- Interactive map of Charlie Elliott Wildlife Center
- Coordinates: 33°27′40.2804″N 83°43′54.3396″W﻿ / ﻿33.461189000°N 83.731761000°W
- Country: United States
- State: Georgia
- County: Newton and Jasper Counties, Georgia

Area
- • Total: 10 sq mi (26 km^{2})
- • Land: 6,400 acres (2,600 ha)
- • Water: 0.46 sq mi (1.2 km^{2})
- Elevation: 761 ft (232 m)
- Time zone: UTC-5 (Eastern (EST))
- • Summer (DST): UTC-4 (EDT)

= Charlie Elliott Wildlife Center =

Charlie Elliot Wildlife Center is a nature preserve located near Mansfield, Georgia, United States. Named after Charles Newton Elliott (1906–2000), the nature preserve has 6,400 acre of forests, lakes, and fields, which are managed by Georgia Department of Natural Resources.

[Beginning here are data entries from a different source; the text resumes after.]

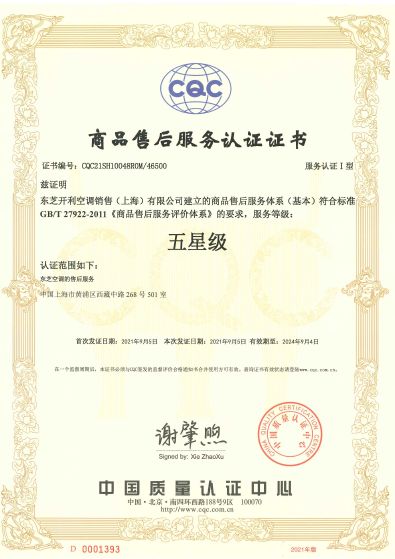 东芝空调商品售后服务认证证书-五星级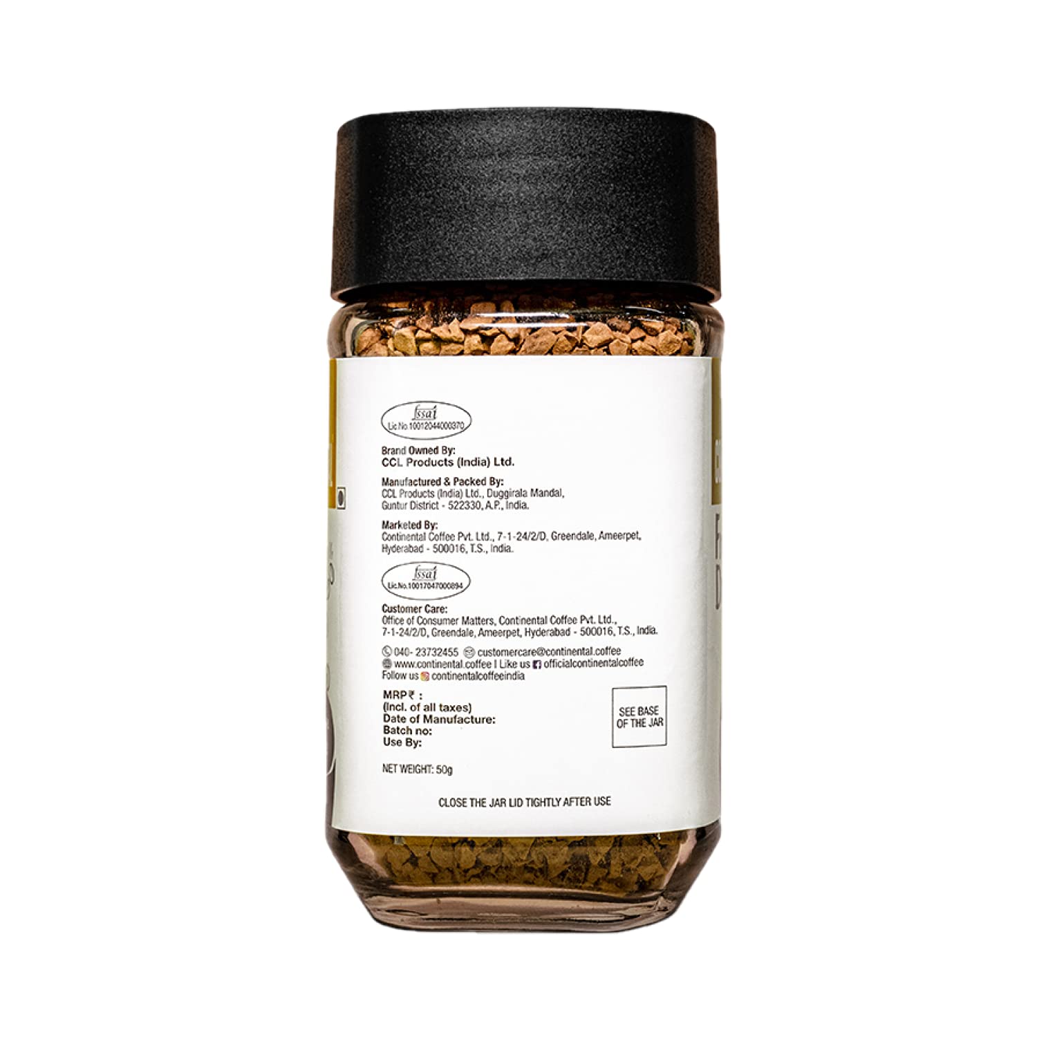 Top of the line Arabica beans from finest Indian plantations come together to give you a perfect start. State-of-the-art freeze-drying technology ensures the elimination of all the water content yet carefully preserving all the essential components for a rich aroma and balanced taste. Best had Black.
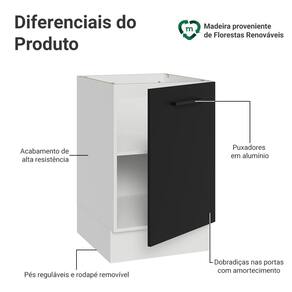 O móvel possui dobradiças metálicas com amortecimento, garantindo um fechamento suave e silencioso, possui pés reguláveis e o rodapé removível facilita a limpeza.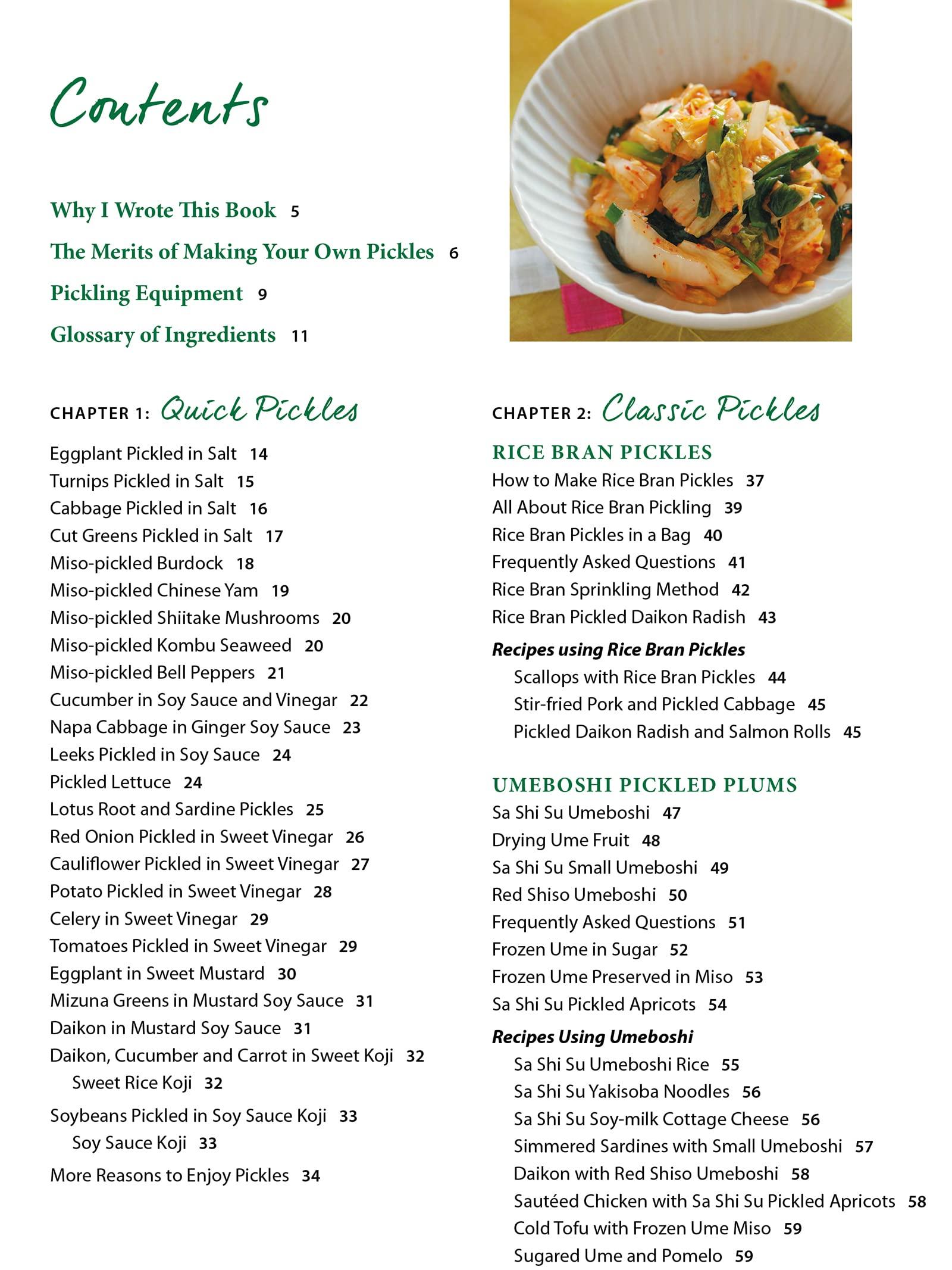 Chapter Two: Classic Japanese pickling recipes--such as Umeboshi Preserved Plums, Napa Cabbage Kimchi, and Daikon Radish Pickled in Miso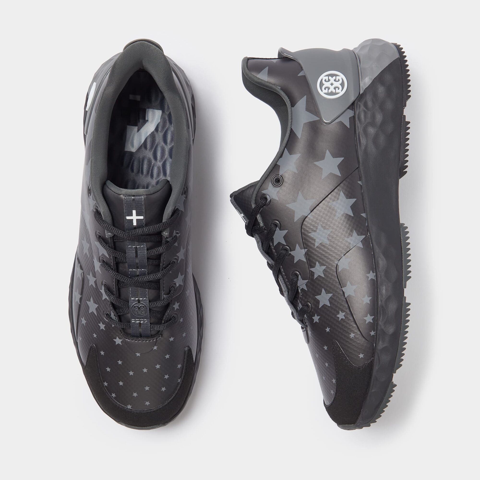 the mg4+ golf shoe is the perfect combination of lightweight comfort and technical performance. built upon the classic necessities of a golf shoe, but with a modern perspective, this style boasts a washable, triple density foam cushion footbed and auxetic lattice midsole for rebound. paired with a fully waterproof high abrasion resistant exterior and 3d molded external heel cup for additional support.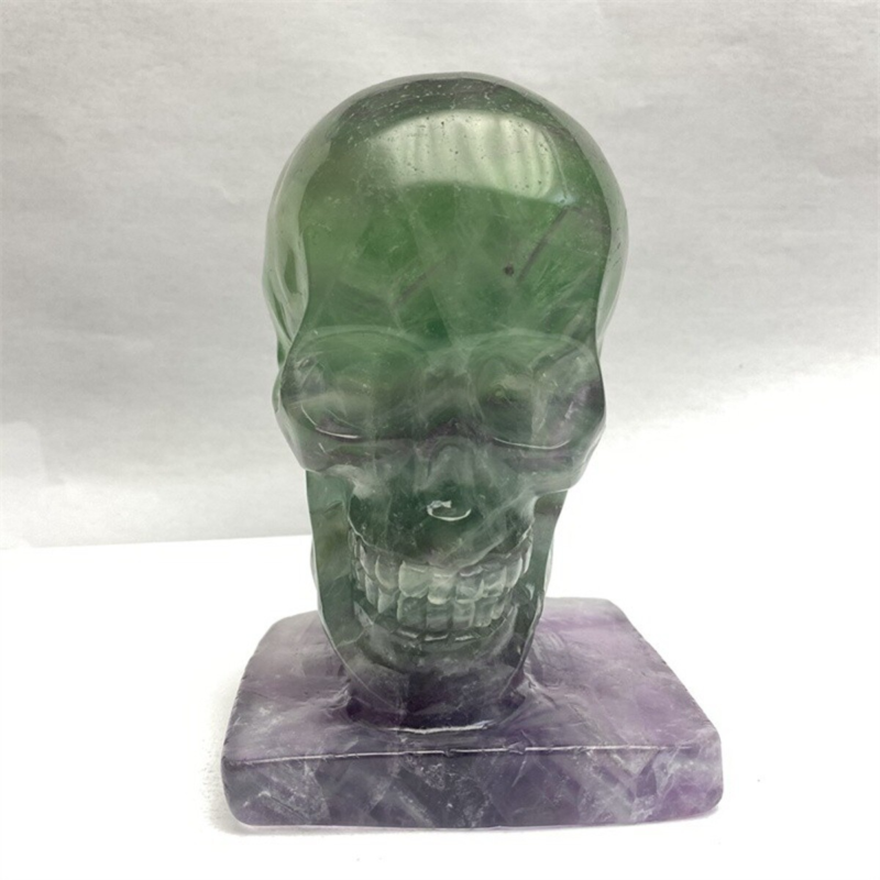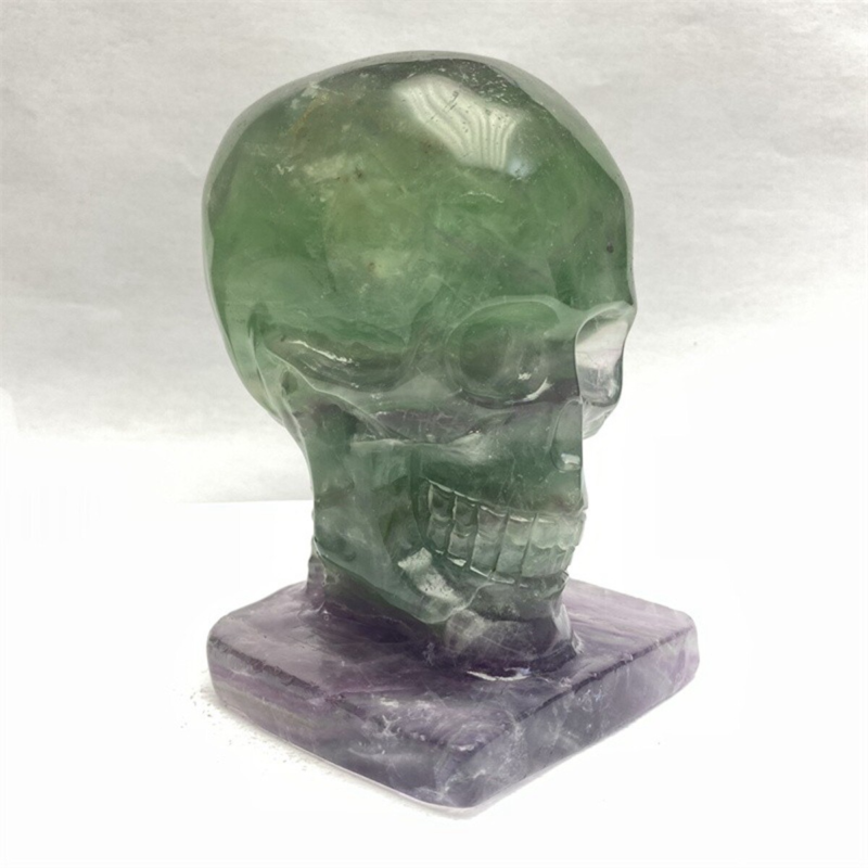 1330g Natural Beantiful Fluorite Quartz Skull Hand Carved Crystal Healing Skull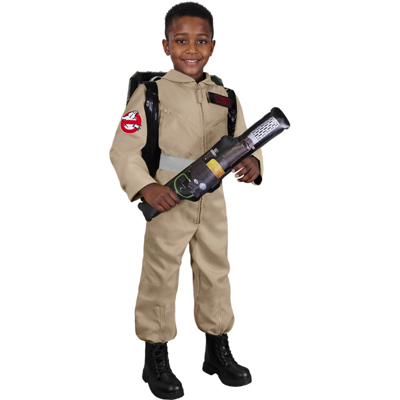 Costume ufficiale degli Acchiappafantasmi per bambini con tuta con 4 patch e zaino con pistola gonfiabile. Disponibile in 4 taglie. Ideale per catturare fantasmi con stile.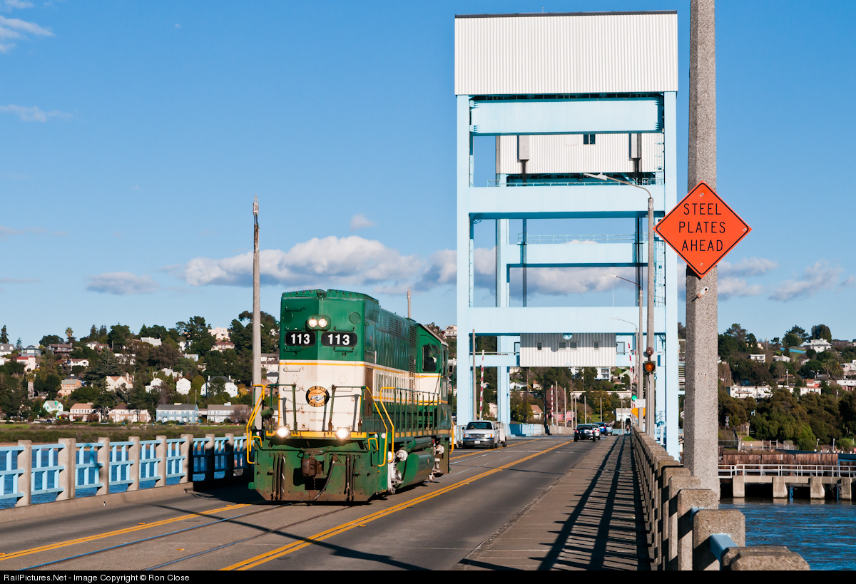 Operating days numbered, MIRS 113 runs light westbound across the causeway between Vallejo and Mare Island. The Mare Island Rail Service (owned by Tri-City & Olympia Railroad) evacuated all of their equipment from the island before the Dec. 31, 2012 deadline imposed by landowner / developer Lennar Mare Island, LLC after their contract was cancelled.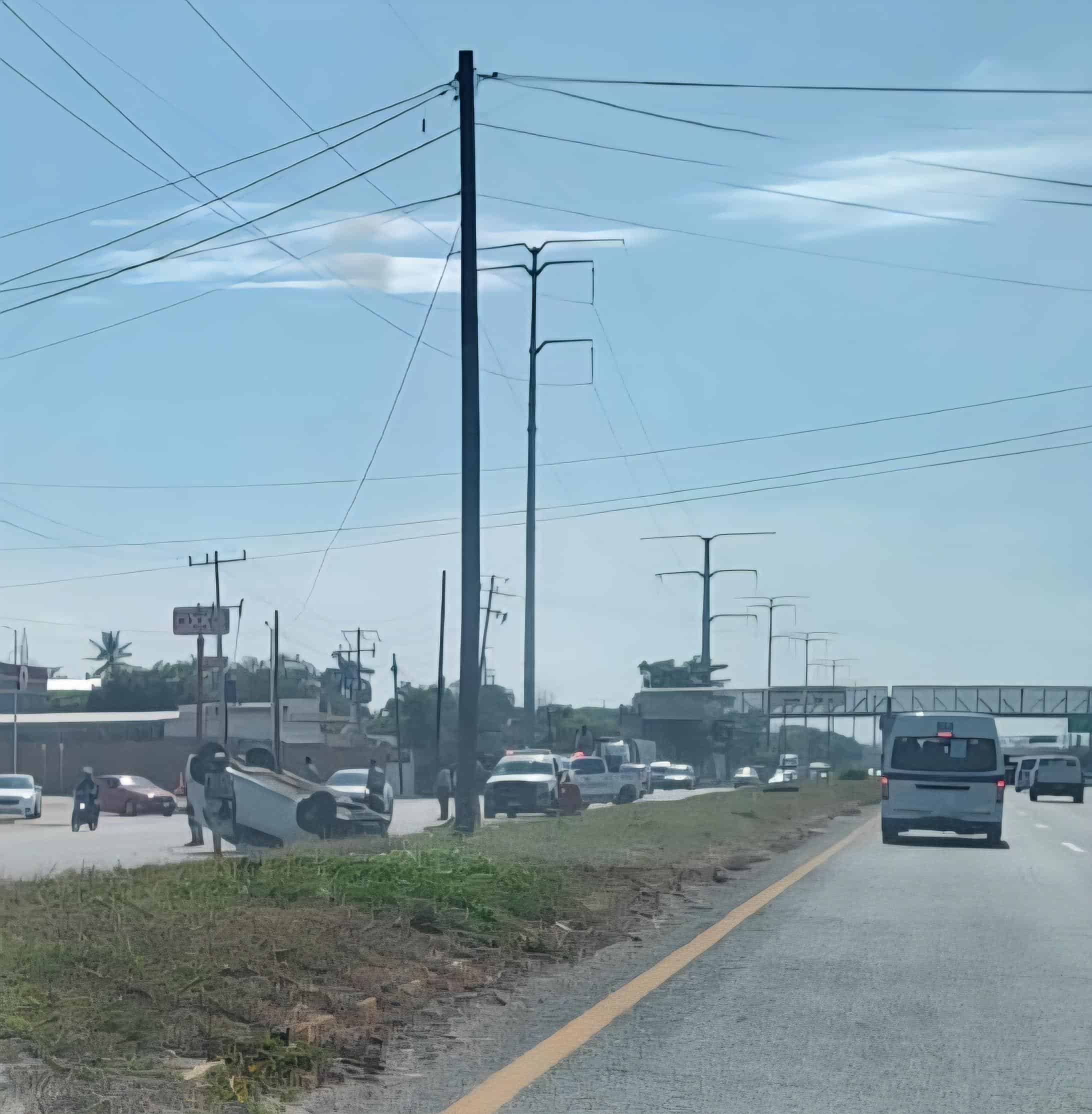 Volcadura de vehículo en carretera federal Villahermosa - Cárdenas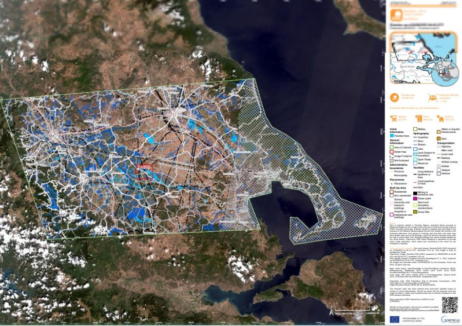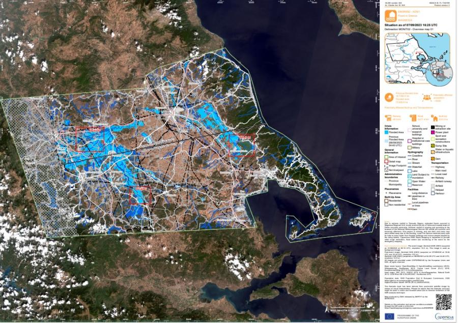 Σύμφωνα με ευρωπαϊκή υπηρεσία Copernicus, στη δορυφορική εικόνα, που ανέλυσε φαίνεται ότι η έκταση που πλημμύρισε από την κακοκαιρία Daniel «εξακολουθεί να πλήττεται σε μεγάλο βαθμό από τις πλημμύρες που προκλήθηκαν από την υπερχείλιση του ποταμού Πηνειού».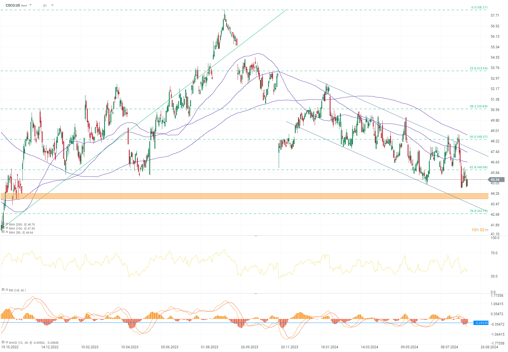 Technická analýza: Akcie společnosti Cisco se od začátku roku pohybují v klesajícím trendu. Je důležité poznamenat, že prolamuje postupné úrovně Fibonacciho retracementu. V současné době bude rezistencí 61,8% Fibonacciho retracement na úrovni 46,06 USD. Překonání této úrovně by mohlo vyvolat pokus o přiblížení se k hladině 50 SMA na úrovni 46,64 USD. V případě horších než očekávaných výsledků bude prvním testem kanál vyznačený na úrovni minim z října 2022. Jeho proražení by mohlo předznamenat otestování 78,6% Fibonacciho retracementu na úrovni 42,77 USD a proražení spodní části klesajícího kanálu. Index RSI se aktuálně nachází v neutrální zóně, tedy blízko překoupenosti. MACD se nachází v podobném mínusu jako na začátku roku. To může naznačovat překoupené podmínky a umožnit krátkodobý odraz.

The Wildlife Center includes Marben Public Fishing area, the Charlie Elliott Conference Center and Banquet Hall, Visitors' Center and Museum, and Clybel Wildlife Management Area.

==Activities==
The Wildlife Center offers a range of activities, including hunting, fishing, picnicking, biking trails, walking trails, horse back riding, archery range, shooting range, and educational programs.

===Fishing===
Marben Public Fishing Area, named after Margery and Bennet O'Boyle, is part of Charlie Elliott Wildlife Center.
The fishing area has 22 lakes and ponds. Some species of fish you may catch are Bluegill, Crappie, Largemouth Bass, Channel Catfish, and Redear Sunfish. The lakes range in size from 1 acre to 96 acre. In all, the ponds and lakes add up to 295 acre.

===Hiking===
Hiking is available on several trails including Granite Outcrop (1.1 miles), Clubhouse Trail (1.5 miles), Murder Creek Trail (0.9 miles), Pigeon/Green House Trail (1.0 miles).

===Hunting===
Clybel Wildlife Management Area is mostly forest and fields inside Charlie Elliott Wildlife Center. Game which can be hunted there include white-tailed deer, wild turkey, and some small game animals. Management practices which are utilized to benefit multiple animal species include mowing, prescribed burning, timber harvesting, and food plot rotation.